Но вот завод, на котором трудился Нифиногенов, взял да и в соответствии с особенностями современной экономической ситуации — прогорел. Всех, в том числе и слесарей, отправили в бессрочный отпуск, не обещая никаких перспектив. На других же заводах и предприятиях слесаря оказались не нужны, поскольку возникло явление дотоле у нас неведомое: безработица.

И вот тут-то Нифиногенова грустно осенило. Неделю он жил в каком-то отупении и непонимании, а через неделю, проснувшись в предрассветной серости, он сказал себе в душе так громко, что оглянулся на спящую жену — не разбудил ли? — хотя сказал молча. Он сказал себе: а ведь я слесарь! Бог ты мой, сказал он себе, ведь я слесарь!

Он ходил по улицам сам не свой, он глядел на дома, деревья, трамваи, троллейбусы, на людей, пытался отвлечься — но, словно зубная боль, сверлила мысль: я слесарь! Слесарь!

Он вернулся домой и с разрешения жены начал выпивать бутылку водки.
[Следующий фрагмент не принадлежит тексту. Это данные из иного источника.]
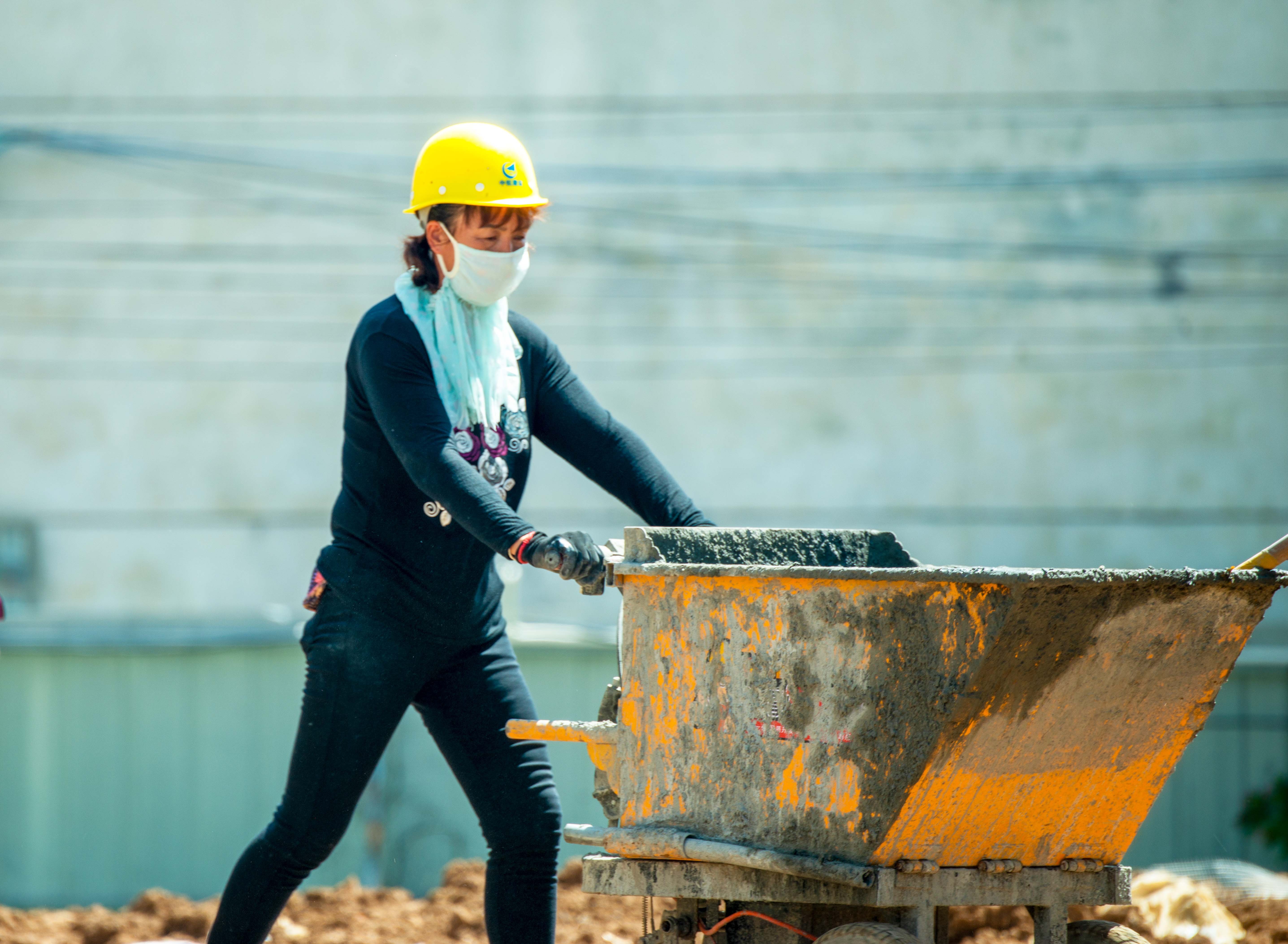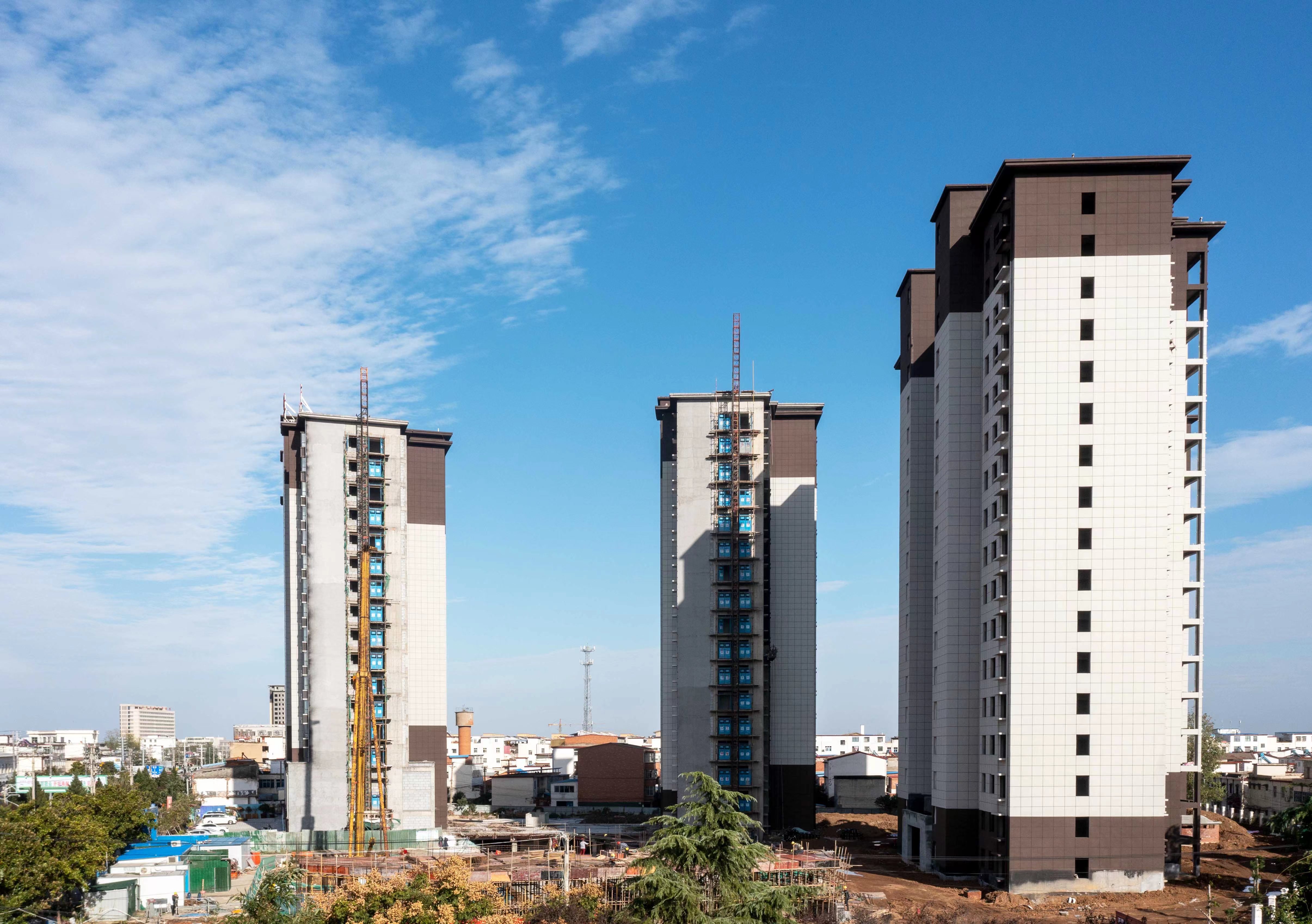 近日,在河南省驻马店市正阳县城东区棚改项目施工现场,工人正在浇筑水泥。车顺才 摄

Выпил половину, ударил кулаком по столу и сказал:

— Я слесарь!

Жена тут же отобрала у него бутылку, а он и не протестовал: ведь гораздо большее отобрано, что уж из-за пустяков расстраиваться. Тоже мне богатство: бутылка водки… Да я на свою честную зарплату слесаря высшего разряда этих бутылок куплю… — но мысли Нифиногенов не закончил, а заплакал и пошел быстрей спать, пока еще хотелось спать после водки.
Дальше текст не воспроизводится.